Work to complete:
The answer is the full set of records, given again exactly and without images.

Supplied entries:
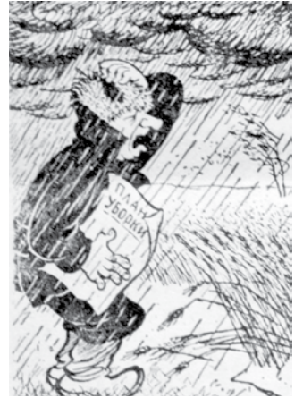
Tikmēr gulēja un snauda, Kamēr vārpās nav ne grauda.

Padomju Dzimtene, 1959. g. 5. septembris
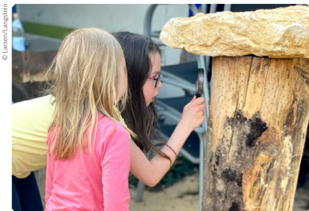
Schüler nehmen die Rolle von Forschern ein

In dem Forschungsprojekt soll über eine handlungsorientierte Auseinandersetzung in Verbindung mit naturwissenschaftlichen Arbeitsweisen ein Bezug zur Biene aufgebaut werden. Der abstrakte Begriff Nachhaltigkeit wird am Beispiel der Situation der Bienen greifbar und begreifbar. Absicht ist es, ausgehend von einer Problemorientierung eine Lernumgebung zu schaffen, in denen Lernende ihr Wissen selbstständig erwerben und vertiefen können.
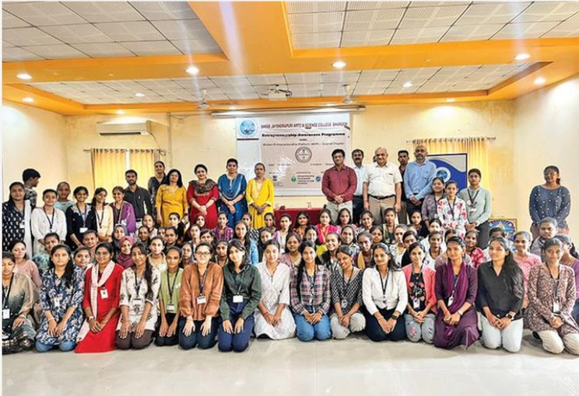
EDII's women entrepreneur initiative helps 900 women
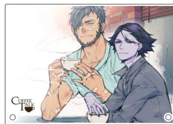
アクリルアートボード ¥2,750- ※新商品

Result:
Tikmēr gulēja un snauda, Kamēr vārpās nav ne grauda.

Padomju Dzimtene, 1959. g. 5. septembris
Schüler nehmen die Rolle von Forschern ein

In dem Forschungsprojekt soll über eine handlungsorientierte Auseinandersetzung in Verbindung mit naturwissenschaftlichen Arbeitsweisen ein Bezug zur Biene aufgebaut werden. Der abstrakte Begriff Nachhaltigkeit wird am Beispiel der Situation der Bienen greifbar und begreifbar. Absicht ist es, ausgehend von einer Problemorientierung eine Lernumgebung zu schaffen, in denen Lernende ihr Wissen selbstständig erwerben und vertiefen können.
EDII's women entrepreneur initiative helps 900 women
アクリルアートボード ¥2,750- ※新商品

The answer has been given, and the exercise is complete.